= Grew Manufacturing =

Canadian boat manufacturing company

Grew Manufacturing was a Canadian company that manufactured boats from 1882 to 2011. It started as Gidley Boat Works on the shores of Georgian Bay. In the late 1920s, Arthur Grew, a master boat maker from Penetangushine, took over the business and changed its name. The company grew and modernized its product line, eventually switching from wood construction to fibreglass lamination. Grew Manufacturing built its boats in advanced facilities in Ontario, under the brands Grew, Cutter and Profisher. The company faced financial difficulties due to the 2008 recession and the exchange rate fluctuations. In 2011, the company had about 25 employees, but also had debts of more than $2 million and about 100 creditors. The owner and president, David Cameron, died in a shootout with the police in February 2011, after injuring the sales manager, Don Vanderstadt, with a gun. The family tried to sell the business, but failed. The company went into receivership and ceased its operations.

==History==
Grew Manufacturing traces its roots to Gidley Boat Works, which was founded in 1882 by Henry Edward Gidley. The company was located on the shores of Georgian Bay, in Penetangushine, Ontario. The company specialized in building wooden boats, such as canoes, rowboats, sailboats, and motorboats. The company also built custom boats for wealthy clients, such as the Royal Canadian Yacht Club and the Toronto Harbour Commission.

In the late 1920s, Arthur Grew, a master boatmaker from Penetangushine, joined the company and became its manager. He later bought the company and renamed it Grew Manufacturing. Arthur Grew was known for his innovative designs and high-quality craftsmanship. He introduced new models of boats, such as the Grew Cruiser, the Grew Runabout, and the Grew Outboard. He also experimented with new materials, such as plywood, aluminum, and fibreglass. He won several awards and recognition for his boats, such as the Canadian National Exhibition Grand Prize in 1936 and the New York World's Fair Gold Medal in 1939.

Arthur Grew retired in 1960 and sold the company to his son, John Grew, who continued to expand and modernize the business. He built a new factory in Penetangushine and increased the production capacity.

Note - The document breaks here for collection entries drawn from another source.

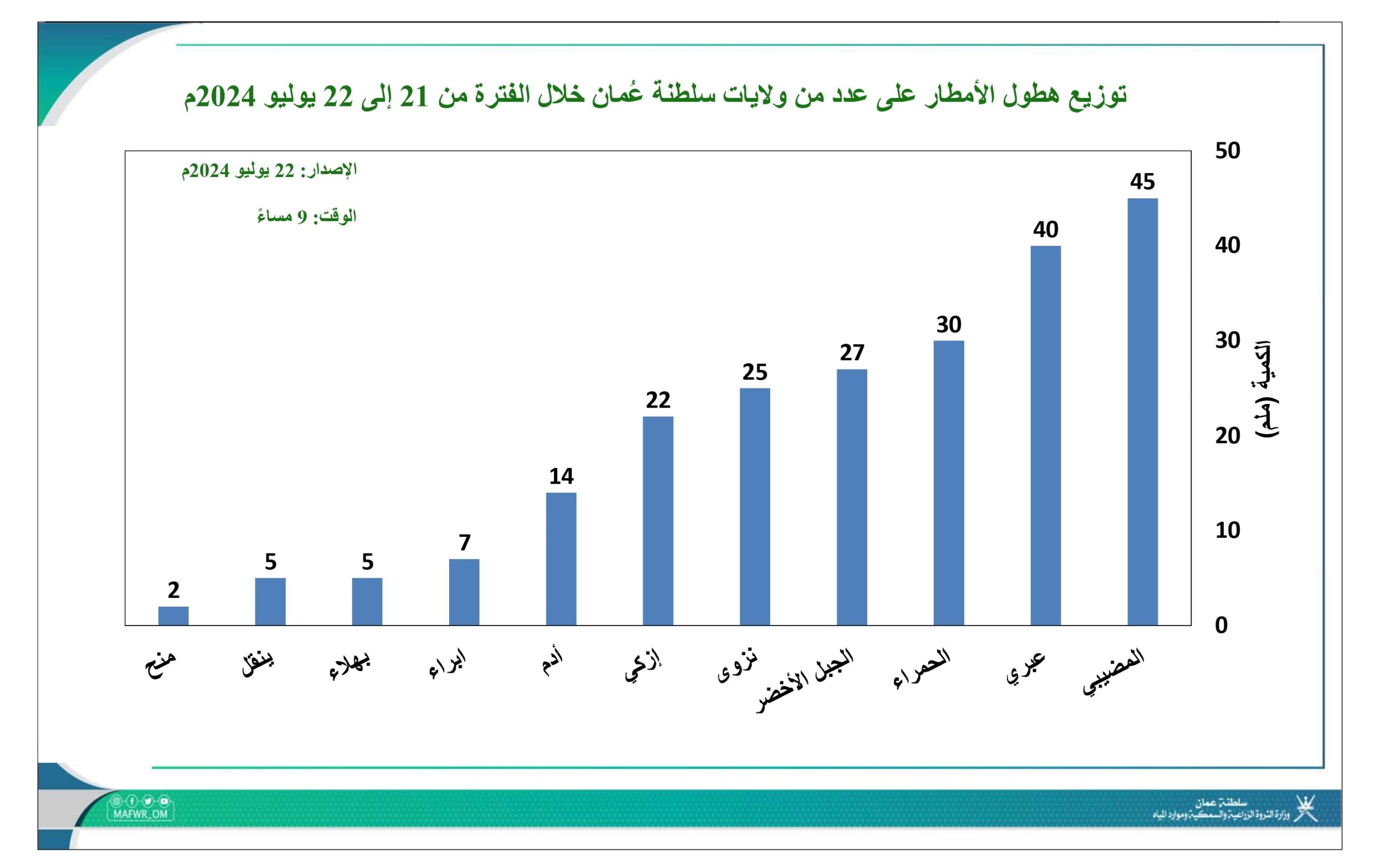 نشرت وزارة الثروة الزراعية والسمكية وموارد المياه توزيع هطول الأمطار على عدد من ولايات سلطنة عُمان خلال الفترة من 21-22 يوليو 2024م.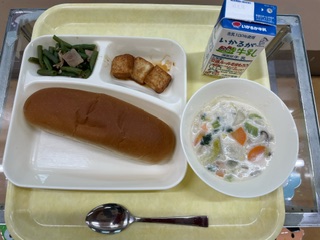 今日の献立は、「こくとうパン」「ぎゅうにゅう」「はくさいのクリームに」「あつあげのピリからじょうゆかけ」「ぶたにくとさんどまめの オイスターソースいため」です。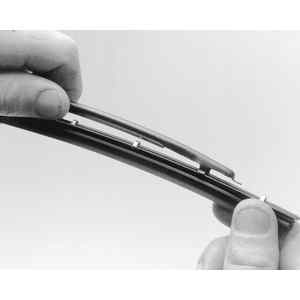 To replace the Tridon? refill, it is necessary to remove the wiper blade. This refill has a plastic backing strip with a notch about 1 in. (25mm) from the end. Hold the blade (frame) on a hard surface so that the frame is tightly bowed. Grip the tip of the backing strip and pull up while twisting counterclockwise. The backing strip will snap out of the retaining tab. Do this for the remaining tabs until the refill is free of the blade. The length of these refills is molded into the end and they should be replaced with identical types.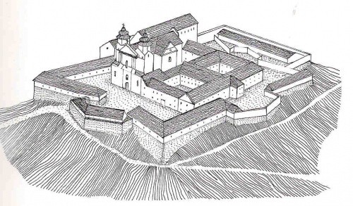 klasztor pod koniec XIX wieku na rysunku T.S.Łosika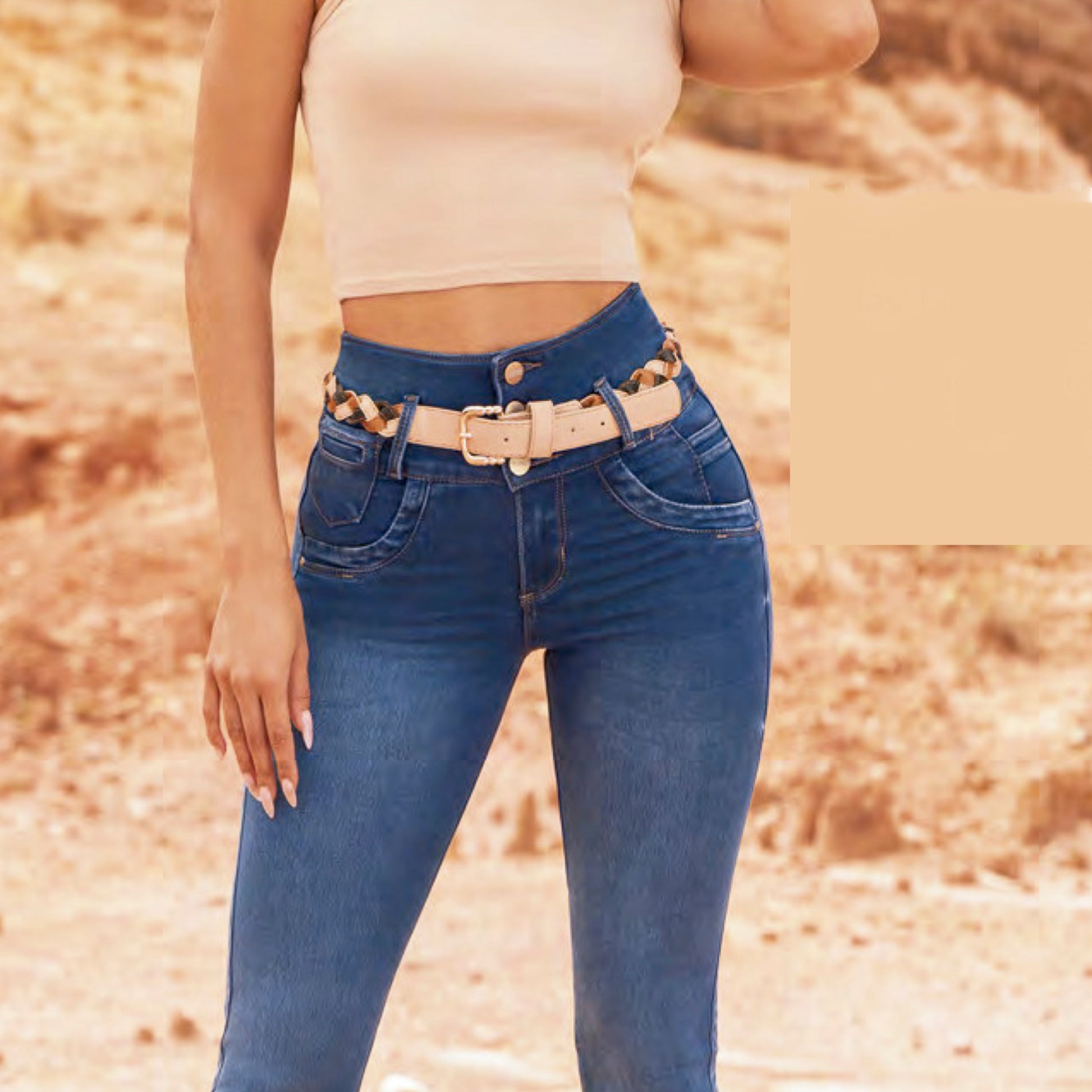 Este jean skinny con pretina anatómica y tres botones te brinda un ajuste perfecto y cómodo. El efecto push-up realza tu figura, mientras que el detalle en los bolsillos traseros añade un toque de estilo. Perfecto para un look moderno.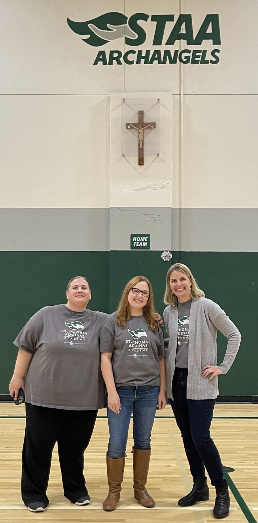 St. Thomas Aquinas Principal Andrea Bergmann (left), along with marketing committee members Sandy Copp and Jennifer Sanchez, displays the school’s new standard logo (on their shirts) and the new athletics logo (on the wall). (Photo by Larry Hanson)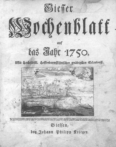 Keywords: Gießen 1750.jpg de Titelseite des Ankündigungstextes für das Gießener Wochenblatt Bingsohn Wilhelm; Stadt im Territorium 17 und 18 Jahrhundert in 800 Jahre Gießener Geschichte 1197-1997 Brühlscher Verlag Gießen S 88 dort vom Gießener Anzeiger 1750 Gießener Wochenblatt PD-old-100 Gießen 1750 Periodicals of Germany Giesser Wochenblatt |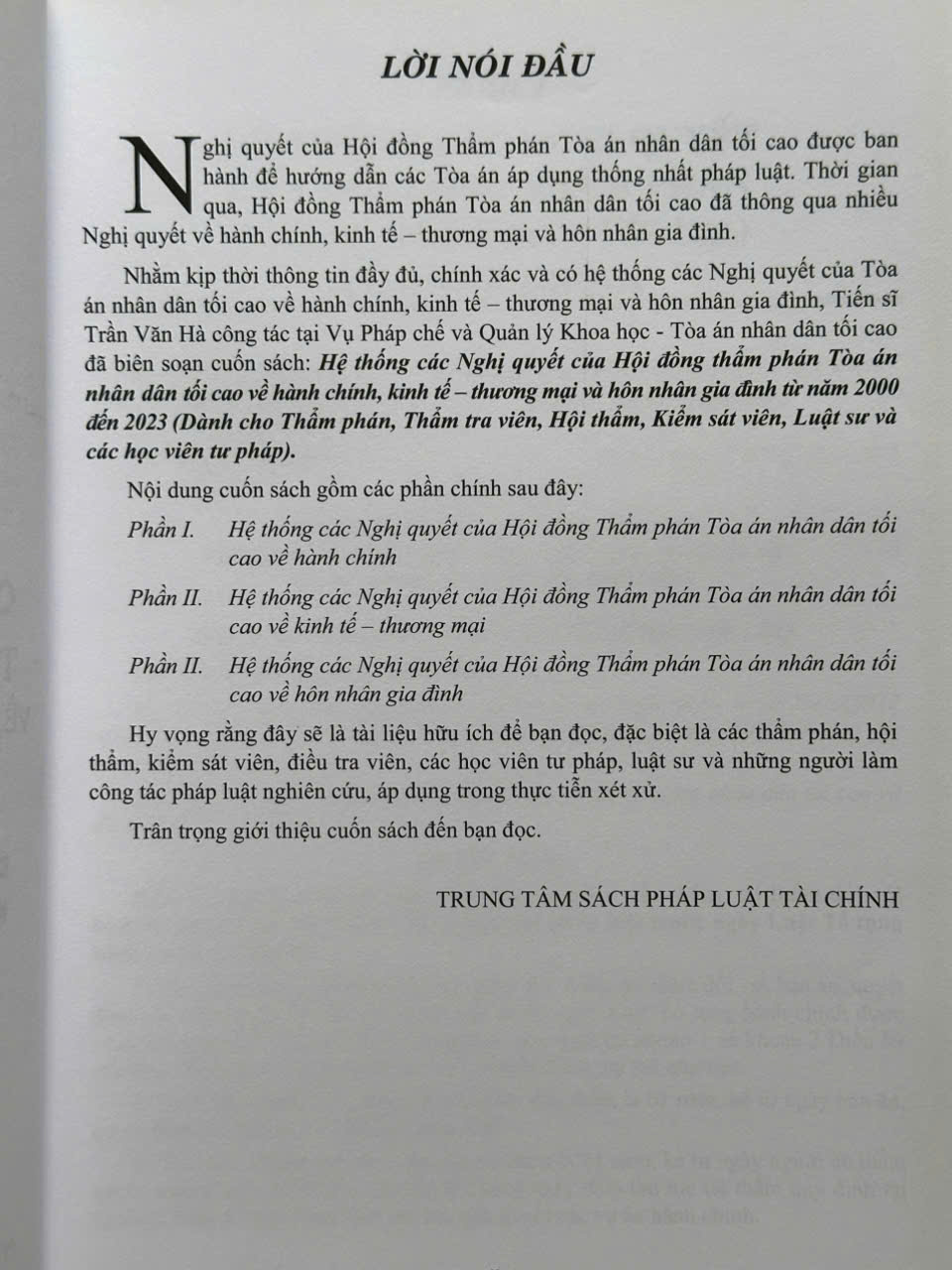 Sách Hệ Thống Các Nghị Quyết Của Hội Đồng Thẩm Phán, Tòa Án Nhân Dân Tối Cao Về Hành Chính, Kinh Tế – Thương Mại Và Hôn Nhân Gia Đình Từ Năm 2000 Đến 2023 (Dành Cho Thẩm Phán, Thẩm Tra Viên, Hội Thẩm, Kiểm Soát Viên, Luật Sư Và Các Học viên Tư Pháp)

He also diversified the product line, offering Bowrider and Cuddy cruisers with outboard and inboard motors made of fibreglass. He marketed the boats under the brands Grew, Cutter, and Profisher. He also exported the boats to the United States and Europe.

In the 1980s, John Grew sold the company to a group of investors, who continued to operate the business under the name Grew Manufacturing. The company faced competition from other boat makers, such as Sea Ray, Bayliner, and Four Winns. The company also faced challenges from the 2008 recession and the exchange rate fluctuations, which affected the demand and the profitability of the boats. The company struggled to pay its creditors.

In February 2011, the owner and president of the company, David Cameron, shot and injured the sales manager, Don Vanderstadt, with a gun at the factory. He then fled the scene and was pursued by the police. He exchanged fire with the police and was fatally wounded. He died at the hospital. The motive for the shooting was unclear, but it was speculated that it was related to the financial troubles of the company.

After the death of David Cameron, his family tried to sell the business but failed to find a buyer. The company went into receivership and ceased its operations. The factory and the assets of the company were auctioned off. The company's website was shut down.

==Launches==
Grew, Cutter and Profisher are brands built in Ontario.
- 158 LE Classic
- 168 GR/BR
- 174 GR/BR
- 174 GR/BR
- 174 GR/BR
- 175 GRS/BR
- 184 GRS/BR
- 188 GR/SK
- 188 SKI/BR
- 194 GRS/BR
- 204 GRS/BR
- 208 GRS/CD
- 224 GRS/BR
- 244 GRS/CD
- SC l BASS BOAT l WIDE
- SC l BASS BOAT l WIDE
- GRS l CABIN CRUISER
- GRS l CABIN CRUISER
- GRS l CABIN CRUISER
- GRS l CABIN CRUISER
- GRS l CABIN CRUISER
- GR l CUDDY CABIN
- GR l CUDDY CABIN
- GRX l CUDDY CABIN
- GRX l CUDDY CABIN

==Receivership==
The company's finances were seriously affected by the 2008 recession and subsequent exchange rate changes.

During the winter of 2011. Don Vanderstadt, the company's sales manager, was injured from gun fire and other employees fled the boatyard as result of hearing that shots had been fired. The team had returned from the Toronto International Boat Show. Owner and President David Cameron died after an exchange of gunfire with police Feb 11th, 2011, near Kemble. With David's death, the family attempted to sell the business, but were unsuccessful. The company had liabilities of more than $2 million and about 100 creditors. 1673747 Ontario Inc. operated as Grew Manufacturing, while 2045227 Ontario Ltd. operated, Courage thinks, as Profisher or Profisher Direct.